ALWAYS test your game on 3 different devices (low/medium/high specs). This might seem obvious but is not. For testing, I mean installing the app from the store. Preview mode gets close to the real specs, but sometimes the app runs slight different from the app (for Android). If you do not test the game and you do not apply good practice regarding events, you will hit a huge wall that will force you to rebuild the whole game. I'm saying that because I hit that wall. The game I was working on years ago would run 60fps per second on my old laptop. On my phone, was not playable, because it was extremely laggy. The suggestions below apply to any game, however, you might skip some of the steps if the game you make is really simple. So, these steps are the ones I'm taking when making a complex/big game.
This is how I improved my games, to make sure they would run fine on mobile:
- Always test several event logic on a separate project, and check for the best performance. Ask the forum if you might think there is a better way to achieve what you are looking for. Someone else might already encounter the same problem.
- Use overlapping and on-collision when is REALLY needed, otherwise, use distance.

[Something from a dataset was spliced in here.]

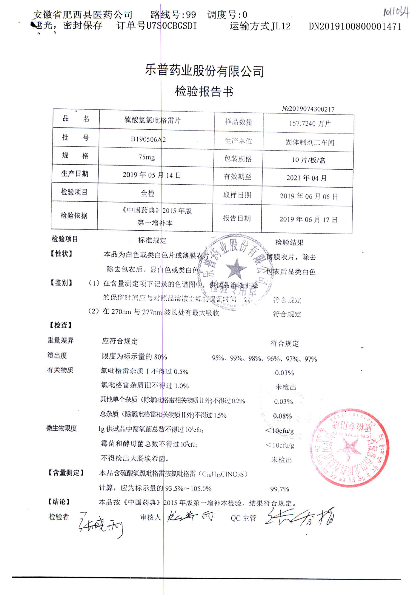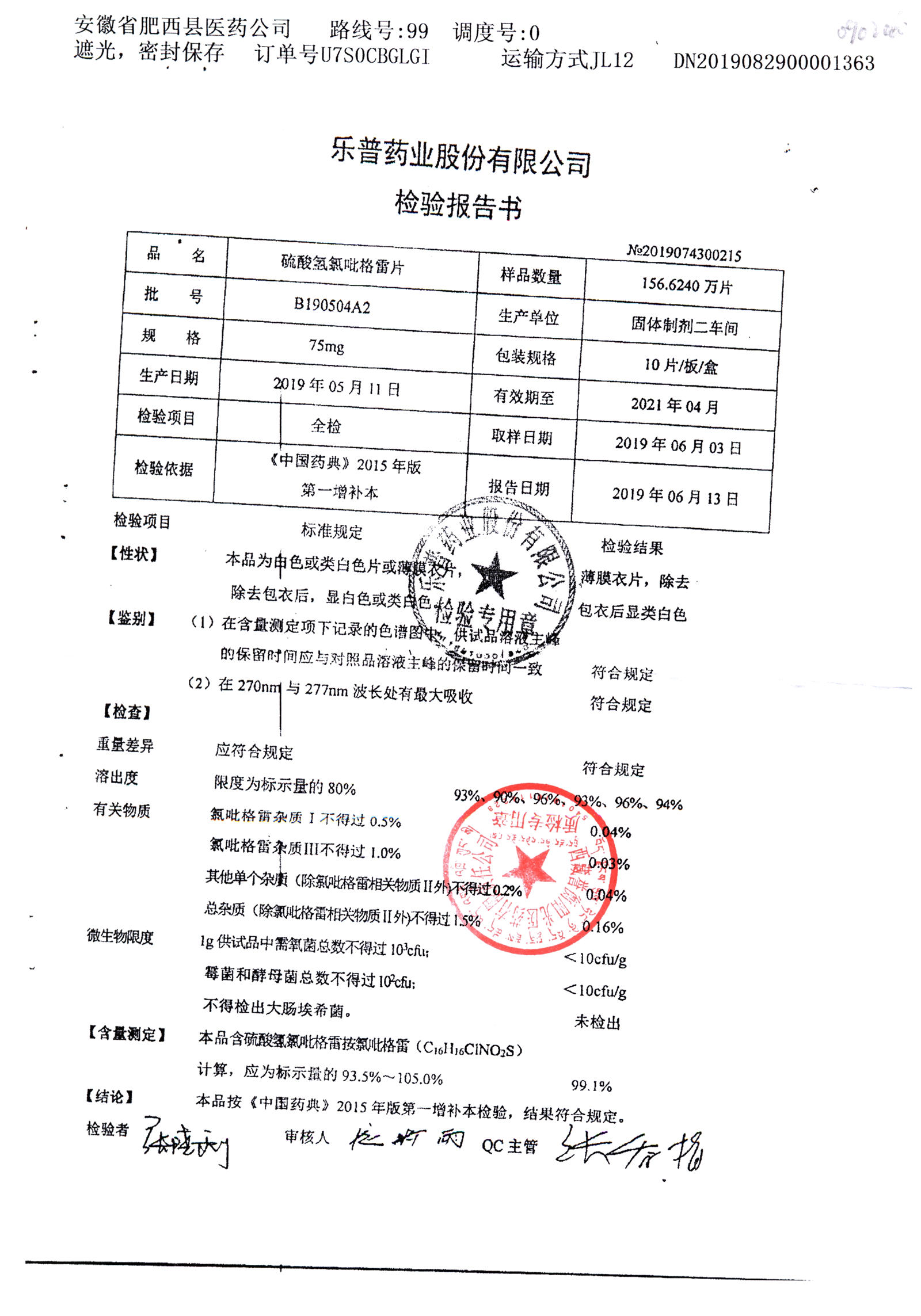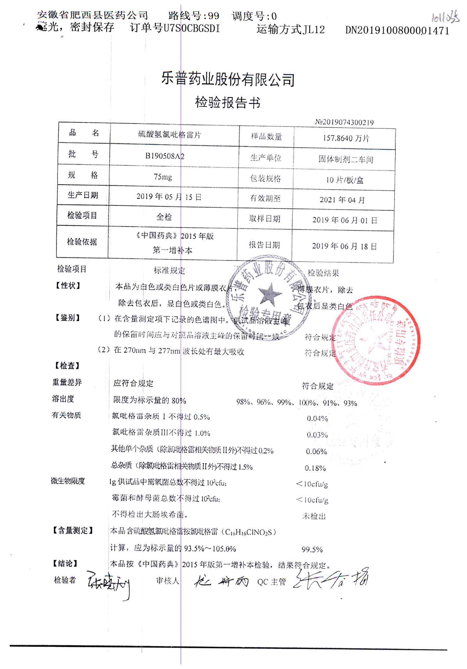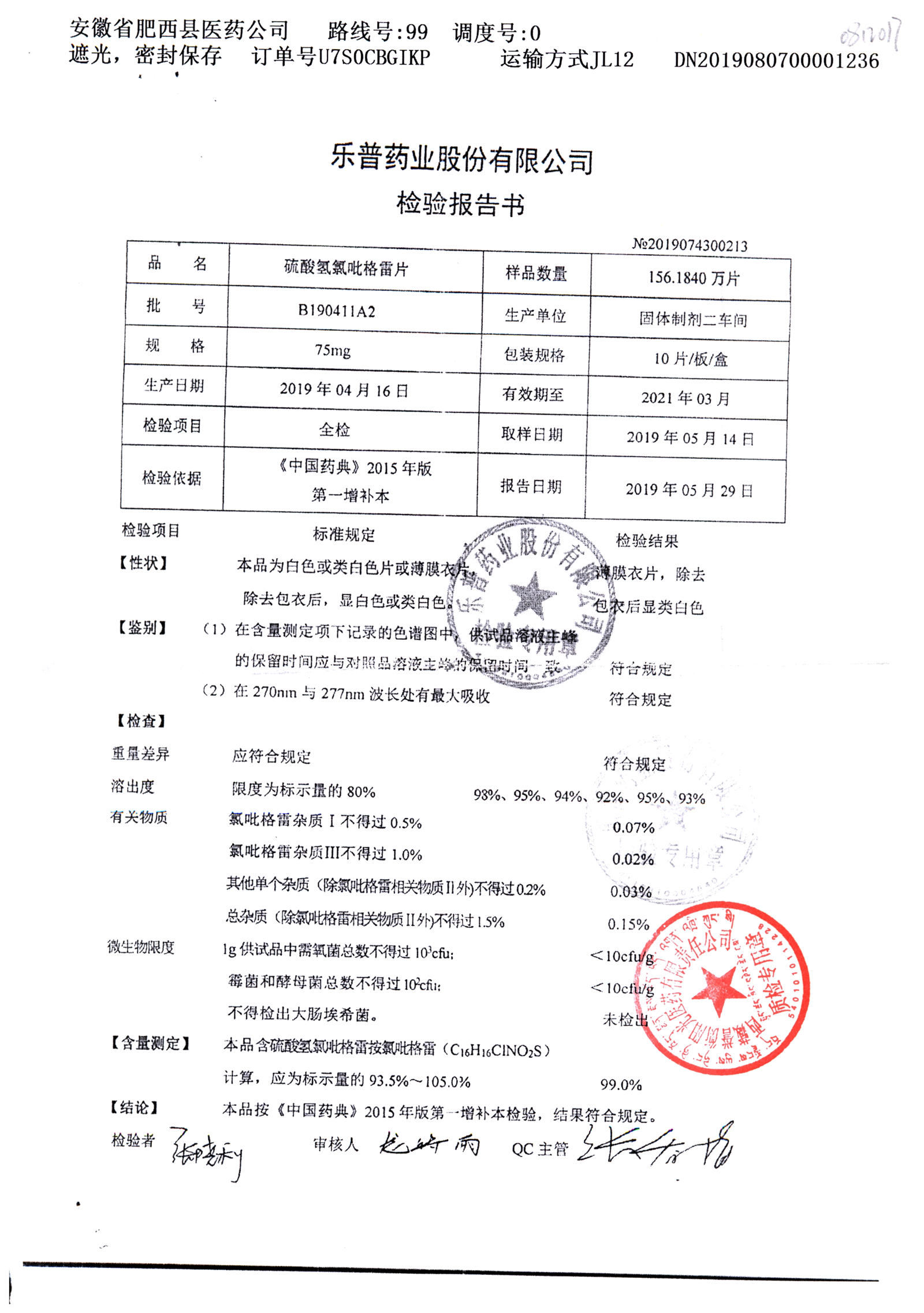 | 硫酸氢氯吡格雷片 | 75mg*10s | B190511A2 | 查看详情 |
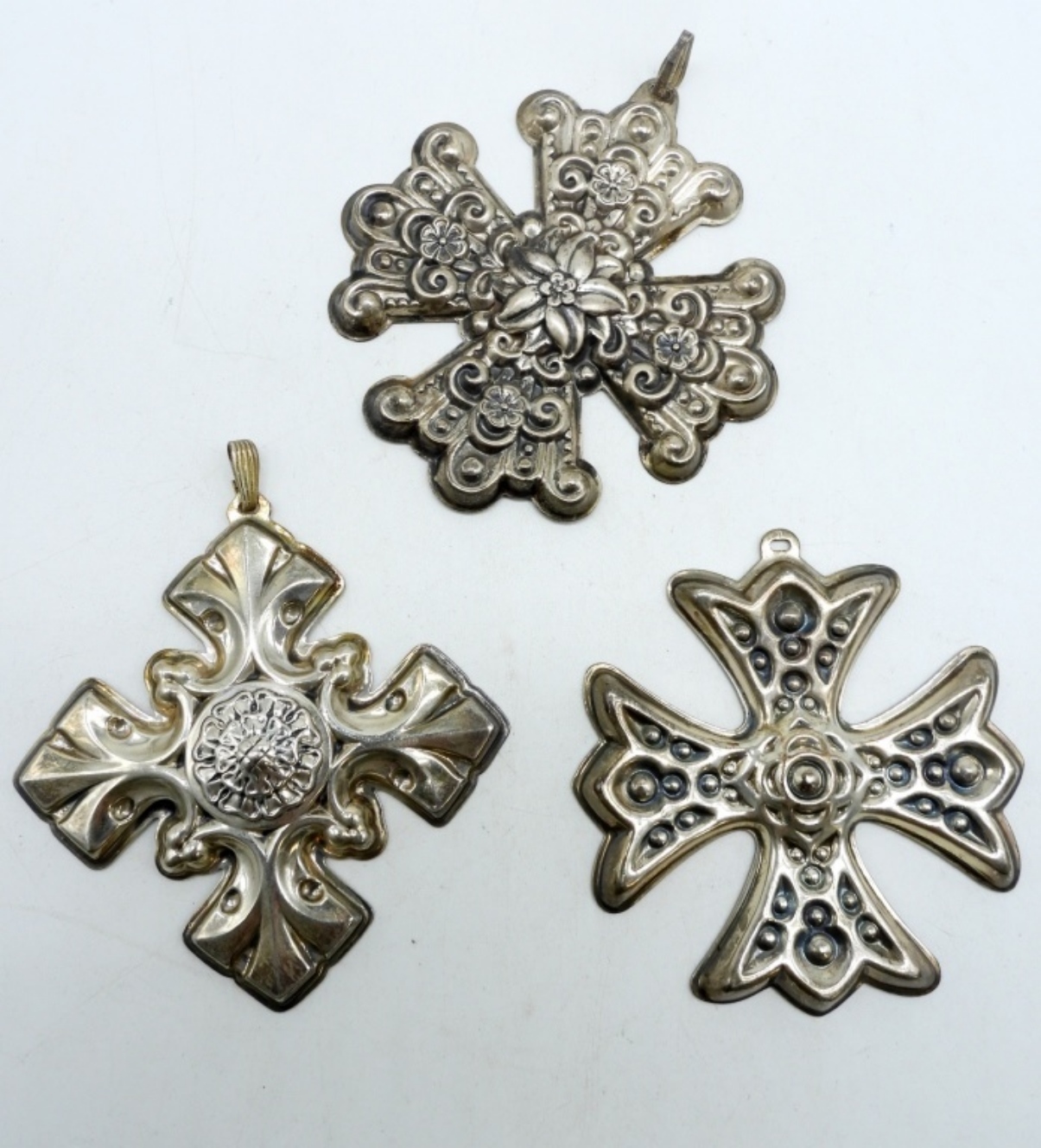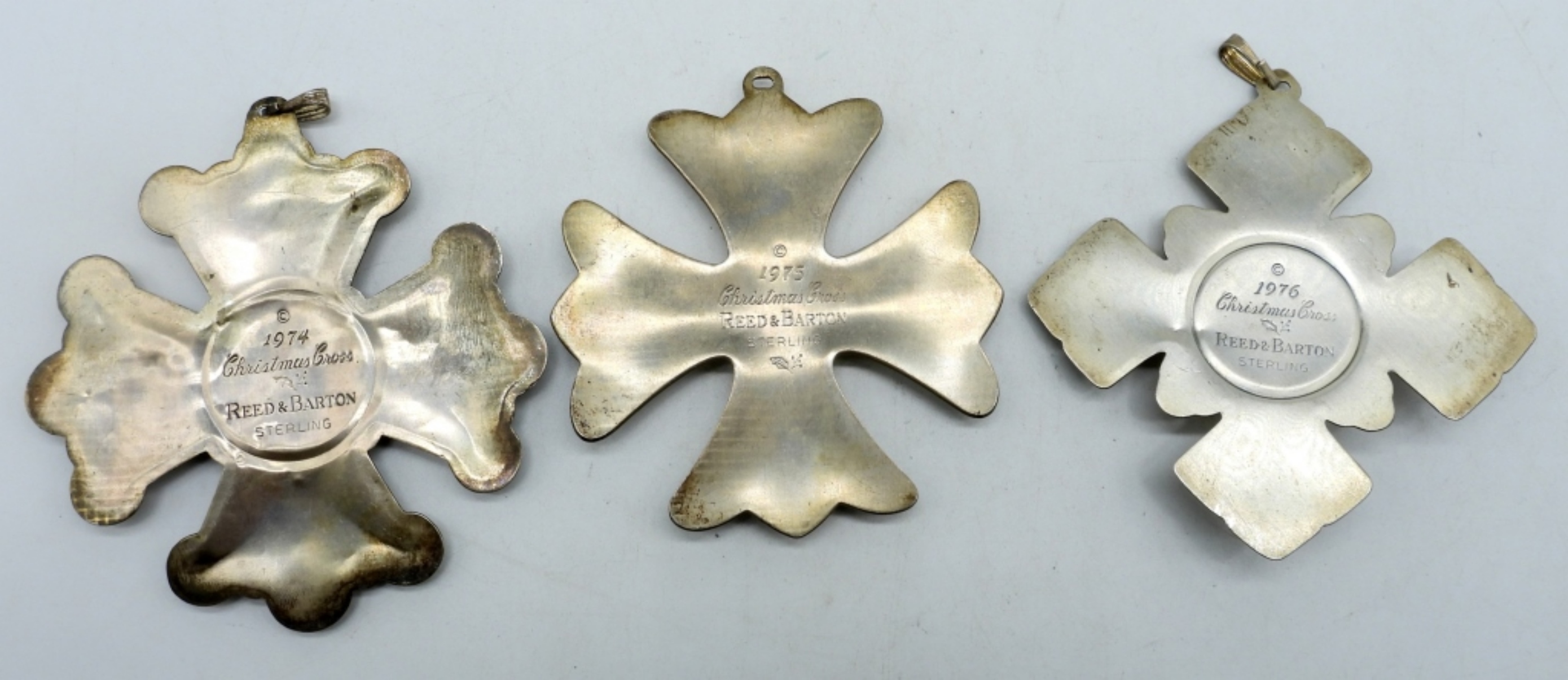 THREE STERLING REED & BARTON CHRISTMAS CROSS ORNAMENTS. 1974, 1975, 1976. (33.1 DWT)

Avoid physics if you can replicate it using events or scripts.
- Do not make a frame bigger than 200px if possible (in the animation tool).
- Use groups to organize your events. For example, if you are making donkey kong country, you might want to organize the code as follow:
- Group events regarding the barrel launch
- Group events regarding item
- Group events regarding specific enemies
- For platform 2d, I find out in my case that tilemap would work less efficiently than using tiledbg, here is more info: https://www.construct.net/en/forum/construct-3/general-discussion-7/mesh-distortion-editor-155675
Once you have the groups, enable/disable them based on when they are needed. For example, you might want to enable the group barrel launch when the barrel is on screen, and disable it as soon is not in use.
- It extremely helps to set a really small viewport size and use the scale view. I have noticed a huge increase in performance and the graphic still looks good.
- Set downscaling quality to Low. I do not notice a huge difference with the medium downscaling.
- Once you are happy with the results, start stressing your game by adding hundreds or thousands of objects to see what is the limit.
From my test projects, I was able to run a Donkey Kong Country remake on low-spec devices (like an iPhone 5s), at 60fps per second. My current game, which is pretty complex (like a mix of Super Mario World and Donkey Kong Country) with additional features, such as items inventory, dynamic light, dynamic weather...etc., runs at 60fps on low specs.
Before using the techniques above, the game I'm working on, with a simple graphic, fewer layers, no weather/light, no items, no effects, or no complex events, was running extremely badly on the iPhone 6, lower than 35fps even if the level was really small compared to the huge levels I can make now (with over 3500 objects per level vs the 75 objects).